# Norwegian: hvilke filmer som



## janesaddiction

Hi, 

How would you translate this?

"Her kan du se hvilke filmer og teaterstykker som går denne uken."

Here you can see _which_ films and plays _which_ are this week. 
There seems to be one "which" too many here. Am I missing something?


----------



## flukså

I would translate it into something like "Here you can see which films and shows that are shown/played this week".


----------



## janesaddiction

flukså said:


> "Here you can see which films and shows that are shown/played this week".



Thanks, but it still seems gramatically incorrect.


----------



## Grefsen

janesaddiction said:


> How would you translate this?
> 
> "Her kan du se hvilke filmer og teaterstykker som går denne uken."


If this is something that you read online it would be very helpful if you could provide a link.  *Tusen takk!  *


----------



## Dan2

janesaddiction said:


> Thanks, but it still seems gramatically incorrect.


Well, you're right that a basically word-for-word translation into _English _would be grammatically incorrect, but every language has its own rules!
(In other words, the Norwegian sentence bothers me too, but I'm more cautious about calling sentences in other people's languages ungrammatical. )

janesaddiction's "complaint" leads me to the following question.

Original sentence (slightly simplified by omitting the second noun):
1. "Her kan du se hvilke filmer som går denne uken."
In order to make this sentence "correct" from the _English _perspective, it should be
either
2. "Her kan du se hvilke filmer går denne uken."
or
3. "Her kan du se hvilke er filmer som går denne uken."

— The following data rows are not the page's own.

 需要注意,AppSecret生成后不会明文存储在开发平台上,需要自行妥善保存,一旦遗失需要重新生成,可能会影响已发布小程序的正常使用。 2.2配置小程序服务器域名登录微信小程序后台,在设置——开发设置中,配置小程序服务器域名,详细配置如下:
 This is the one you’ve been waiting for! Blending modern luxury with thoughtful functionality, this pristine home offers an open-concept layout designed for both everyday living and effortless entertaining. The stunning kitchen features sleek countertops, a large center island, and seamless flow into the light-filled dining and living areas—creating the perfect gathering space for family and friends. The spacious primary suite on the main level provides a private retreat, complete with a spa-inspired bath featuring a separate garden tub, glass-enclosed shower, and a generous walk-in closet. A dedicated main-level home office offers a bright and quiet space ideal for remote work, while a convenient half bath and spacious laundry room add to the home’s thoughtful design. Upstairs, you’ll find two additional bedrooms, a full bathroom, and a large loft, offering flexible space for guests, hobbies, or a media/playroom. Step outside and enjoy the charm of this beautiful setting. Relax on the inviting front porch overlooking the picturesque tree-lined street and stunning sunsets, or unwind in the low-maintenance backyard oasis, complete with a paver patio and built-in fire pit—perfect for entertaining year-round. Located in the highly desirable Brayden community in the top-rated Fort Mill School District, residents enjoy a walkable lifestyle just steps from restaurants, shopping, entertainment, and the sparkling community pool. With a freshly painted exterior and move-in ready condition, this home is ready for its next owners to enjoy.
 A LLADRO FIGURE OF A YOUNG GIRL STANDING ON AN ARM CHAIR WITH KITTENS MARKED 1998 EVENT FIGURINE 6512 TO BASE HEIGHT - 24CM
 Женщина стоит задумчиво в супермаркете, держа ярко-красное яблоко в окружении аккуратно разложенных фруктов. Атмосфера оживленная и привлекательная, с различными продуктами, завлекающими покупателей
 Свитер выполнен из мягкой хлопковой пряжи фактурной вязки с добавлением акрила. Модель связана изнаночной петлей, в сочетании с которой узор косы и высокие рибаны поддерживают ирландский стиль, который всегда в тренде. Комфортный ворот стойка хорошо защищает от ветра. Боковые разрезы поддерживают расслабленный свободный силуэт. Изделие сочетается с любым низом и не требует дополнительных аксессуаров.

I'd be interested to hear how native speakers compare these three sentences.  Thanks!


----------



## NorwegianNYC

Only the first one is correct. The confusion here is around "which". This word has two very different properties in English, but Norwegian uses two different terms. "Which" is either an interrogative or a relative pronoun. In "Her kan du se hvilke filmer som går denne uken" there are two which-es: _hvilken_ as an interrogative and _som_ as a relative pronoun.


----------



## Dan2

Hi NNYC...
I understand very well that "hvilke" and "som" are two different "which"es and serve two different purposes (and I'm sure that janesaddiction does too).  Our problem is that in English you can't say
_Here you can see which (interrog pronoun/determiner) films which/that (rel pron) are playing this week.
_In German you can't say
_Hier sehen Sie welche (interrog) Filme, die (rel pron) diese Woche laufen
_In French you can't say
_Vous voyez ici quels (interrog) films, qui (rel pron) passent cette semaine
_In Spanish you can't say
_Aquí se puede ver cuáles (interrog) __películas que (rel pron) ponen esta semana
_And I expect janesaddiction would tell us that the equivalent Polish sentence is also impossible.

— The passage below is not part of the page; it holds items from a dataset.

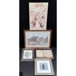 A collection of artwork to include a Vettriano print, horse's head, and pencil sketch of man panning for gold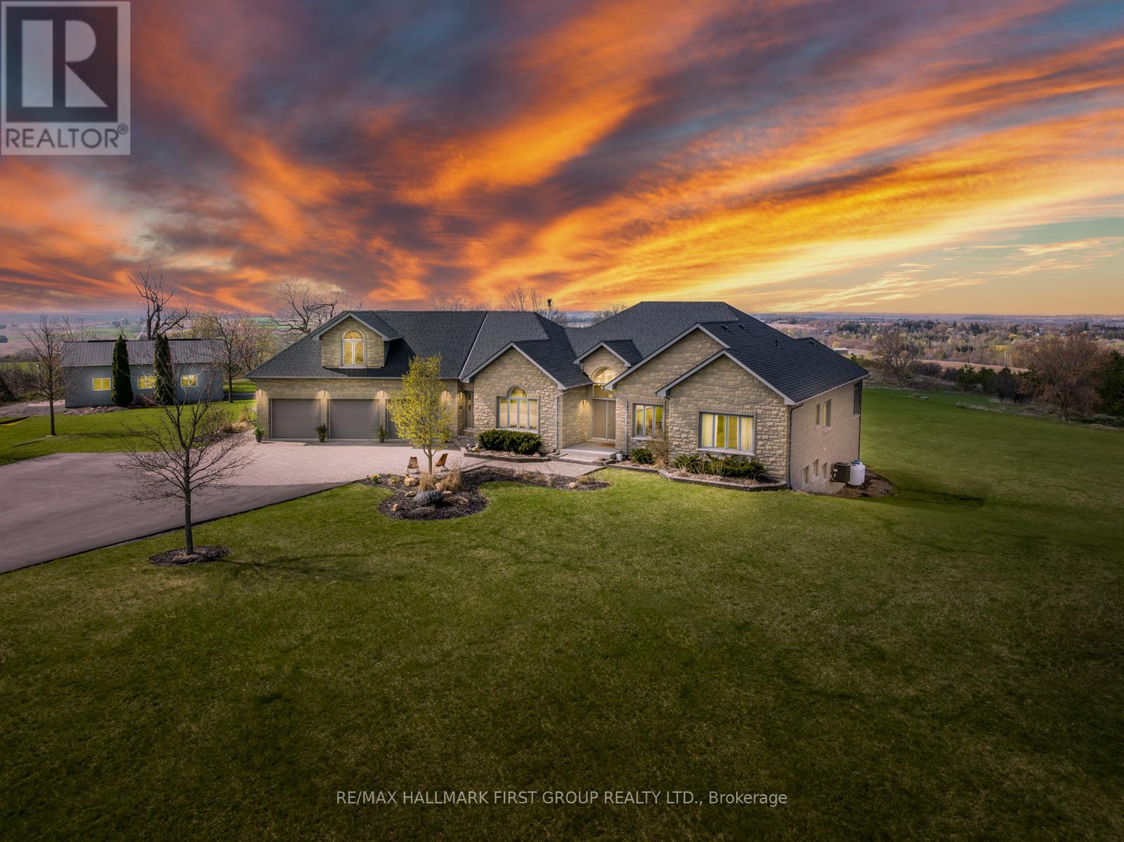 Welcome to the picturesque 7472 Aked Rd. - a masterfully designed Peter Keuning custom built bungalow situated on 10 mesmerizing acres w/ unobstructed panoramic Lake Ontario views that mimic the Swiss Alps and the rolling Tuscany countryside, this architecturally designed bungalow w/exquisite finishings is not to be missed. With over 6,000 sq ft of finished living space including a finished walk-out lower level & your very own finished upper level loft w/hardwood floors & pot lights, this rare offering exudes exceptional quality & taste. Experience resort-like seasonal activities at your doorstep, including: hiking, 4-wheeling, snowshoeing, tobogganing, snowmobiling, and much more! Your property also boasts personal ATV/snowmobile trail access to a forested area. The 1,000 sq ft. outbuilding is complete w/heat, hydro & water. 35 minutes to the DVP over 418/401 toll-free and less than 30 mins to 404 over 407. 45 Mins to Toronto Pearson Airport. Low Property Taxes Reflect Farm Designation. Extensive Hardscaping/Asphalt/Interlocking. Exquisite Celestial & Terrestrial Views Night & Day. See Feature Sheet for More! (id:64974)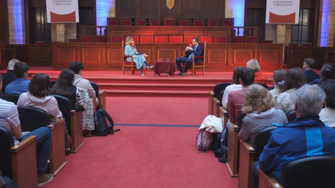 Len pár dní po tom, ako bola menovaná prezidentkina úradnícka vláda, si to už ako premiér namieril na akademickú pôdu. Diskusiu na Komenského univerzite nemoderoval nik iný, ako Zuzana Kovačič Hanzelová. To svedčí o fakte, že na akademickej pôde si robila reklamu súkromná spoločnosť – SME zastrešovalo diskusiu nie len mediálne, ale študent, ktorý sa zúčastnil diskusie, vyplnil formulár, z ktorého informácie boli poskytnuté novinám.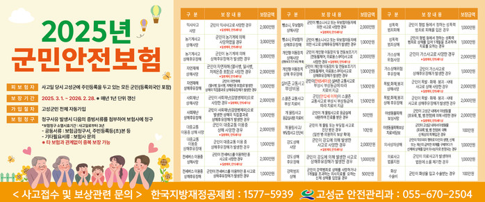 2025년 고성군 군민안전보험 보장항목은 다음과 같다.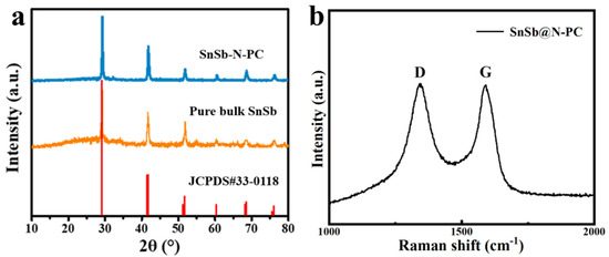 XRD (a) and Raman patterns (b) of SnSb@N-PC composite.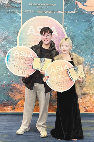 【特訊】澳門理工大學設計及藝術學院音樂學士學位課程聲樂表演專業學生宗小歡、蔡詩怡憑藉紮實的聲樂技能,以及出色的舞台表現力,在「二0二六 ASAF 亞洲學生藝術節國際音樂大賽」分別奪得「古典聲樂公開組」冠軍及季軍,為大學及澳門爭光添彩。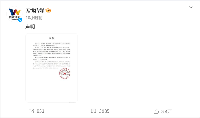1月26日凌晨, 无忧传媒发布声明表示,鉴于此事调查仍在进行当中,经公司慎重考虑,无忧传媒暂停与张某的一切业务开展,并将持续彻查此事。

The problem is that in these languages, if something is not acceptable as a free-standing sentence (_Here you see which films)_ then it doesn't become an acceptable sentence by hanging a relative clause off it (_that are playing this week_).
In contrast,
_Here you see which films there are __(_acceptable as a free-standing sentence, so no problem adding a relative clause: _which/that are playing this week_)

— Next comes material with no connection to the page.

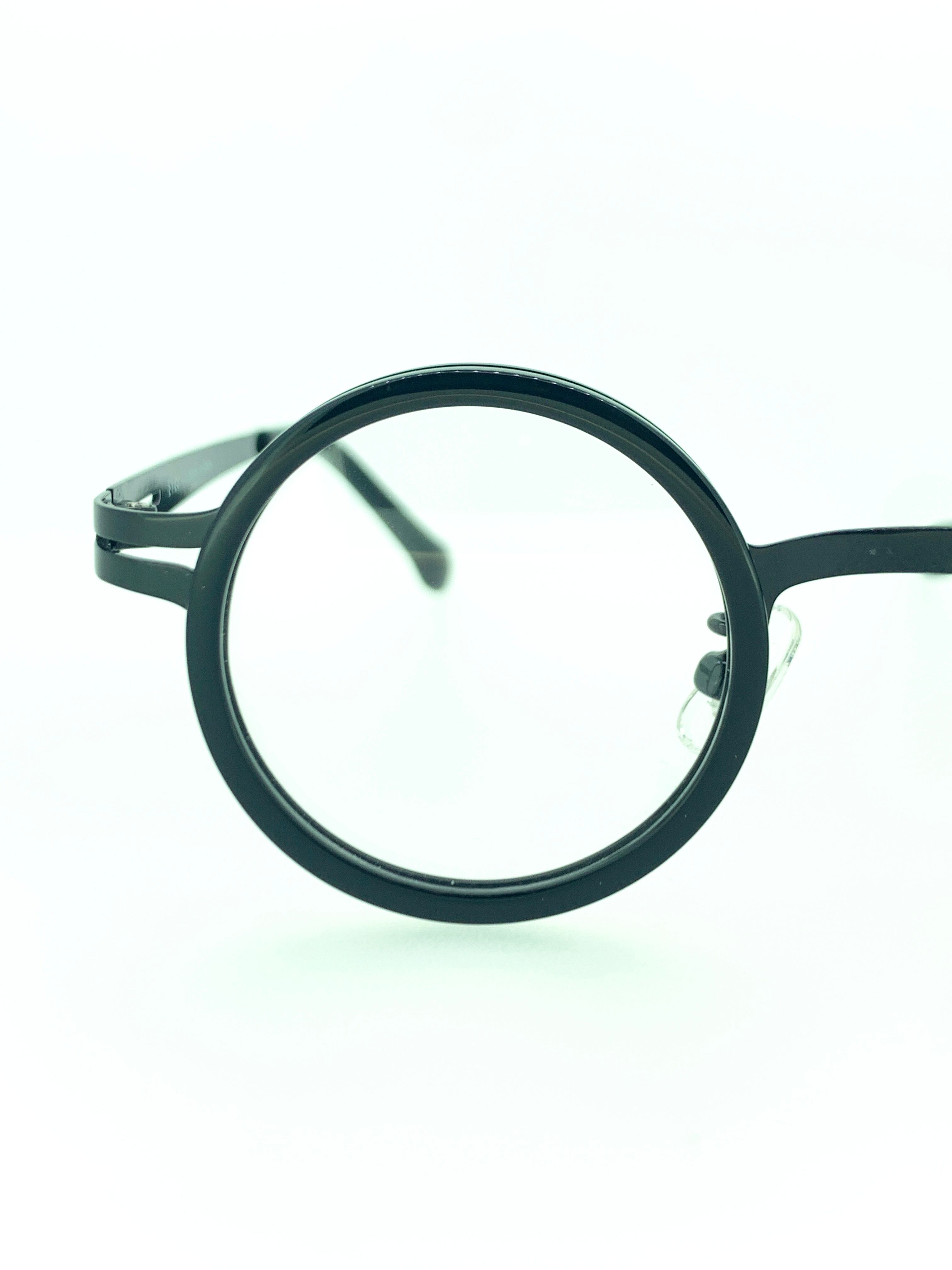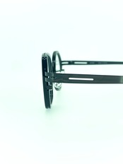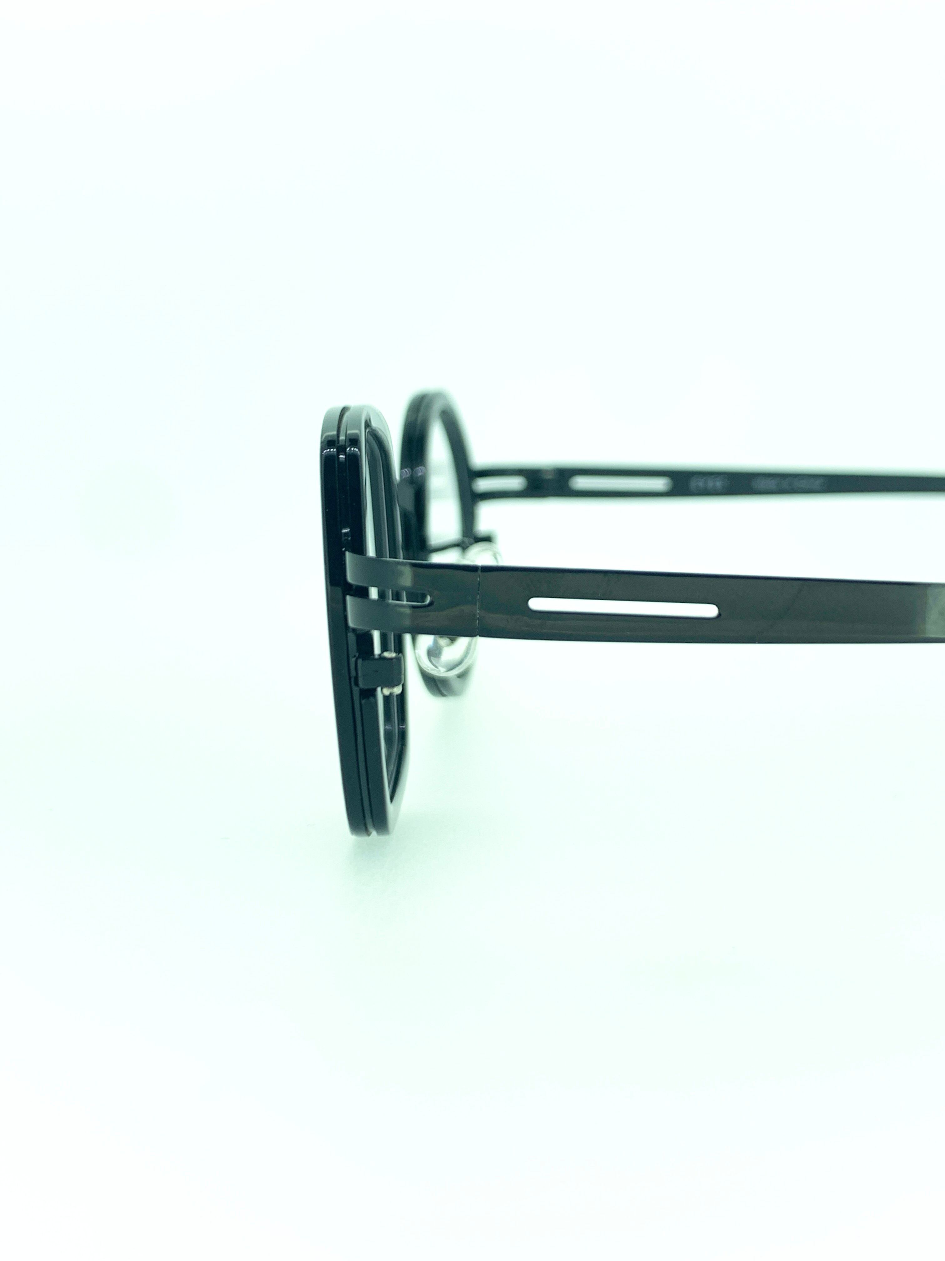 オールブラックのシックでスタイリッシュなカラーリングに左右非対称のシェイプデザインのPOPなフロントが、圧倒的な個性とお洒落さのあるコンビネーションフレーム。右側には優しくレトロな雰囲気のラウンドシェイプで、左側は少し丸みのある正方形に近いスクエアシェイプとなり、対照的な雰囲気のシェイプデザインになっています。他と被らないお洒落なスタイルを演出できるオススメ作品です。

The other alternative in English and these other languages is to allow the first part to be a non-sentence...
_Here you see which films, _but then use "which films" as subject of the clause, which means no rel pron:
_Here you see which films that are playing this week.
_
That seems to be the logic in most non-Scandinavian European languages, and so this Norwegian construction (which I've seen before) seems "illogical" to me (and apparently to other people, like janesaddiction).

EDIT: NNYC, you've confirmed that the OP sentence is _correct_. Could you now please help us by explaining in what way these sentences are _wrong_:
2. "Her kan du se hvilke filmer går denne uken." (Or simply: 2a. "Her kan du se hva går denne uken.") (I know, these usually have "som", but what's wrong _without_ "som"?)
3a. "Her kan du se hvilke filmer er det som går denne uken."
3b. "Her kan du se hvilke er filmene som går denne uken."
(All these are sentences that conform to English "logic".)
Thanks.


----------



## myšlenka

Dan2 said:


> The problem is that in these languages, if something is not acceptable as a free-standing sentence (_Here you see which films)_ then it doesn't become an acceptable sentence by hanging a relative clause off it (_that are playing this week_).
> In contrast,
> _Here you see which films there are __(_acceptable as a free-standing sentence, so no problem adding a relative clause: _which/that are playing this week_)


Your analysis is wrong here. [Here you see which films] is a main clause and is generally unacceptable in Norwegian too while [Here you see [which films are playing this week]] is a main clause with an embedded question. The crucial point is that the syntactic element _which films_ is in two very different syntactic positions in these two cases. In the former it's part of the main clause whereas in the latter it's part of the embedded clause so the parallel you are trying to draw between them is not valid.

What makes Norwegian different is that embedded questions where the wh-phrase is the subject, requires _som._ If _som_ is not there, the sentence is ungrammatical.


Dan2 said:


> 2. "Her kan du se hvilke filmer går denne uken." (Or simply: 2a. "Her kan du se hva går denne uken.") (I know, these usually have "som", but what's wrong _without_ "som"?)
> 3a. "Her kan du se hvilke filmer er det som går denne uken."
> 3b. "Her kan du se hvilke er filmene som går denne uken."
> (All these are sentences that conform to English "logic".)
> Thanks.


 2. Here _som_ is required because we have an embedded question where the wh-phrase is the subject.
3a. Embedded questions are not subject to V2 word order. That's why this sentence is wrong.
  3b. Embedded questions are not subject to V2 word order. If we fix this by switching the words to the right positions, we end up with "hvilke filmene er som..." and this is problematic for two reasons. First of all, _hvilke_ is incompatible with definite forms. Second, if _som_ follows a form of _å være_ like that, it ceases to be a relative subjunction.


----------



## willem81

janesaddiction said:


> "Her kan du se hvilke filmer og teaterstykker som går denne uken."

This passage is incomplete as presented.